# adding new HDD - advices



## hirohitosan (Dec 14, 2010)

Hi there!
I want to add a new 1TB HDD to my box. My box will have 3 HDD as follow: 1HDD_1TB + 2HDD_500GB.
It is recomanded to add on each HDD a swap partition? My box has 4GB memory and now I have 4GB swap.

Thanks


----------



## sk8harddiefast (Dec 14, 2010)

> It is recomanded to add on each HDD a swap partition?


No.
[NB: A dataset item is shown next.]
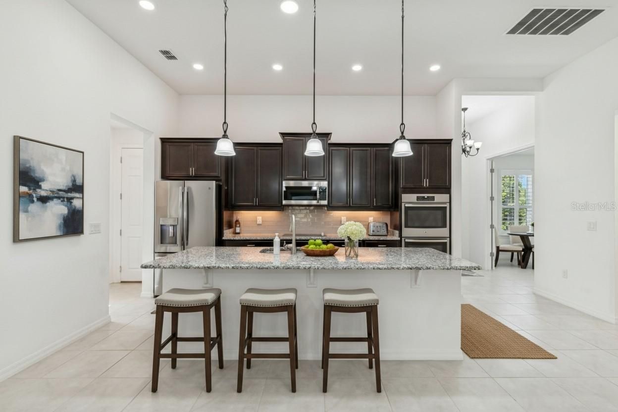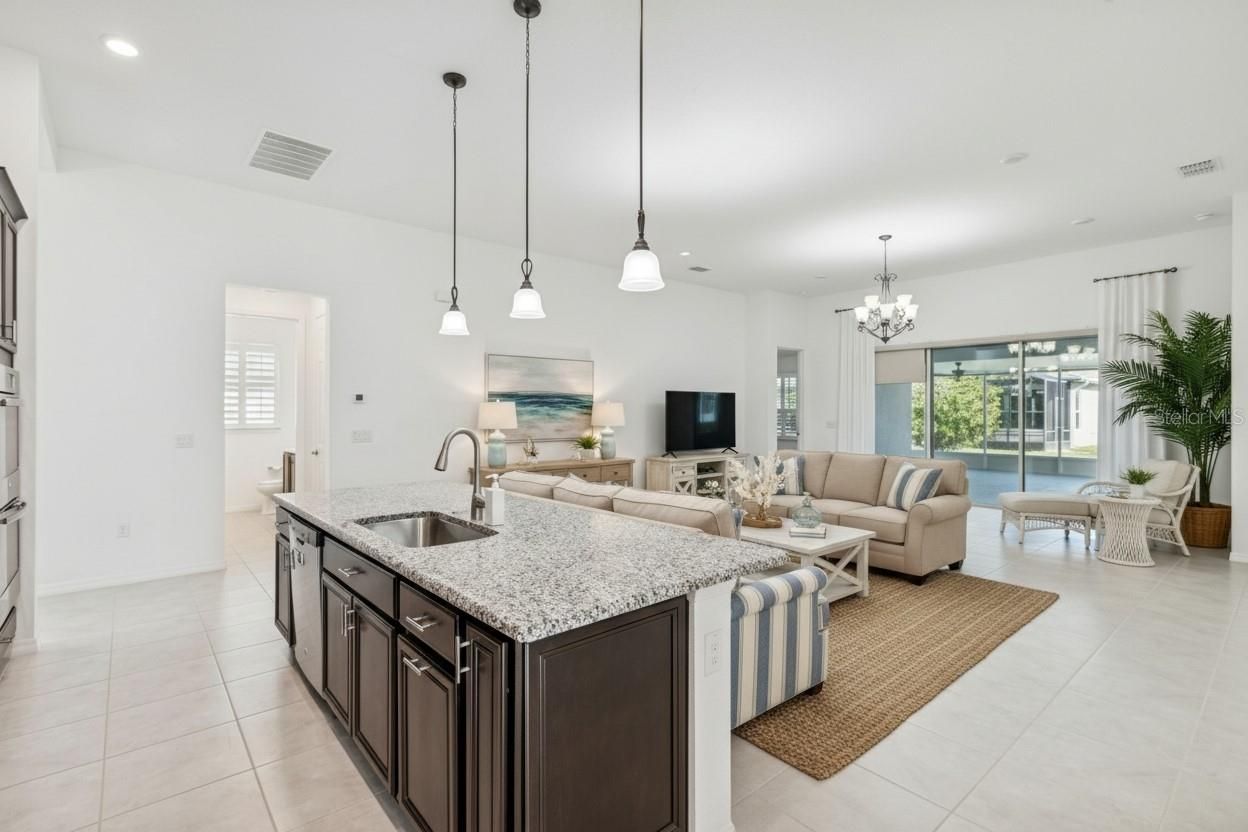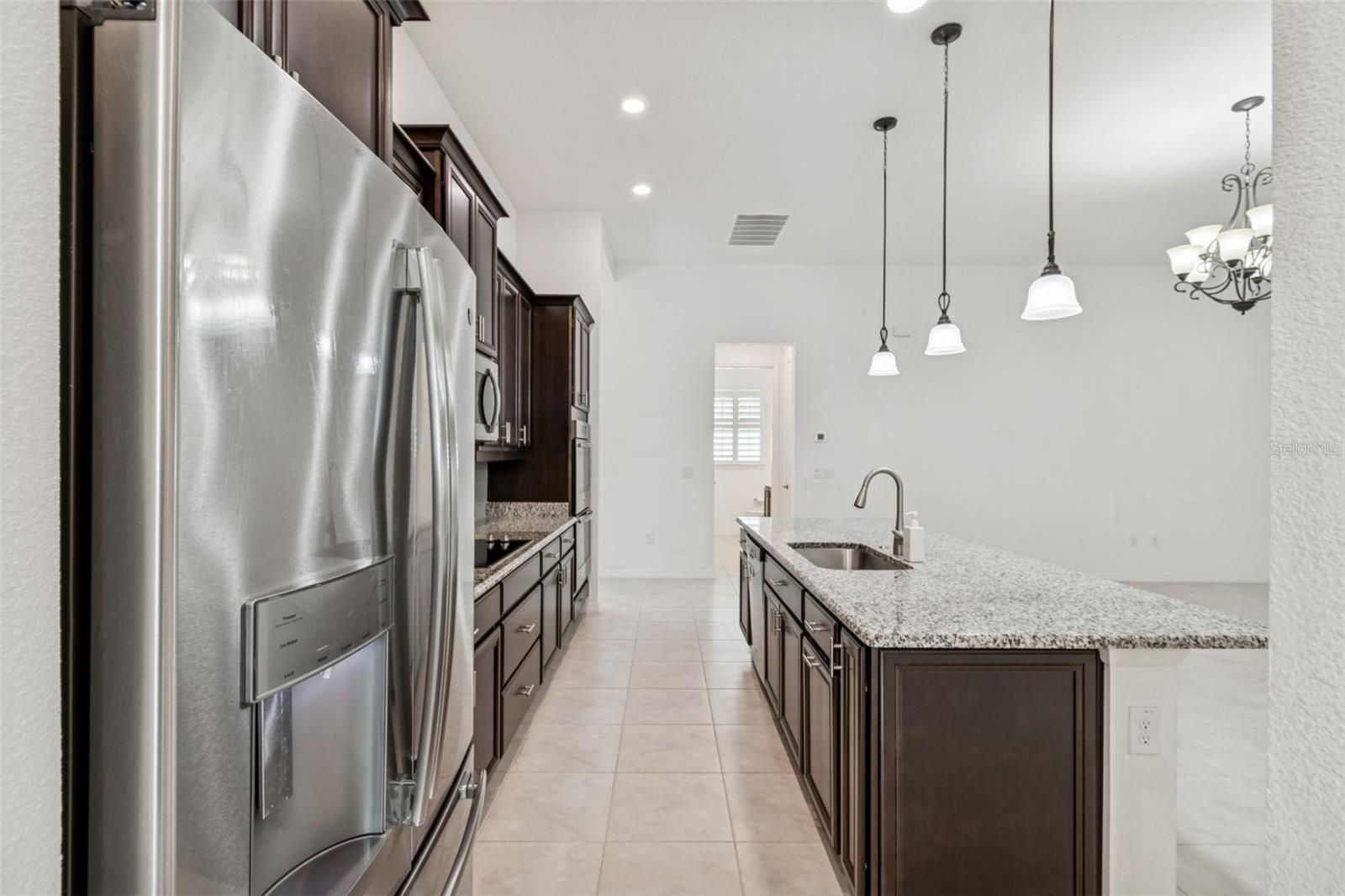 One or more photo(s) has been virtually staged. Beautifully upgraded and meticulously maintained Calto model with golf cart garage offering 2,028 square feet of living space and built in 2018. Ideally located in a quiet neighborhood just minutes from the Palms Resort Amenity Center, this home blends comfort, style, and thoughtful upgrades throughout. Enter through the screened front entryway and elegant leaded glass front door into a bright and welcoming interior. The gourmet kitchen is designed for both everyday living and entertaining, featuring pull-out shelving and a walk-in pantry for exceptional storage and convenience. The home offers two spacious master suites, both carpeted for comfort, along with 2½ baths. Each master bathroom includes upgraded walk-in showers (no tubs), with dual sinks in one bath. A versatile den, along with tile flooring in the den and great room, adds flexibility for a home office or hobby space. Additional upgrades include central vacuum, plantation shutters on all windows, and motorized shades on all three sliding glass doors. Step outside to the truly impressive expanded grand lanai, measuring approximately 800–1,000 square feet. This outdoor living space features a fully covered ceiling, two ceiling fans for optimal airflow, and special Florida screens letting NO bugs in. The lanai floor has been professionally finished with Shark Coatings, providing a durable, long-lasting surface backed by a 15-year warranty—perfect for relaxing or entertaining year-round. Solivita is a premier 55+ community, offering residents an exceptional, resort-style lifestyle with outstanding amenities. Enjoy a state-of-the-art fitness center, dance and aerobics studios, and an impressive variety of recreational options including 14 heated swimming pools, two heated spas, tennis courts, pickleball courts, shuffleboard, bocce ball, billiards, and an art gallery. The community also features three on-site restaurants and two championship 18-hole golf courses. With a full calendar of activities, clubs, and events, there is always something new to explore and enjoy. This home is conveniently located near a hospital and medical office complex, shopping and dining, and a new shopping center featuring Sprouts, Outback, and other popular retailers, offering the perfect balance of privacy, convenience, and an active lifestyle.

Just give as swap, the double of your RAM, in the HDD with the FreeBSD.


----------



## phoenix (Dec 14, 2010)

If you expect to be using swap a lot, then adding a swap partition onto each drive allows the kernel to (internally) create a RAID0 stripe across the drives for swap access.  I believe there's a max of 4 swap partitions, though.  Or, at least, there was back in the day when I used to worry about using swap.

However, with 4 GB of RAM, you shouldn't be hitting swap all that often.  And, with 4 GB of swap already, you don't need to add any more.


----------



## Bra1n0v3rfl0w (Dec 14, 2010)

Personally i use swap only on main system disk, and it is 12GB where ram is 4GB (3 times), on an old P4.

If you read Handbook chapters 2.6.5 and 18 (especially 18.3 Adding disks) you will surely find the right solution for your need.


----------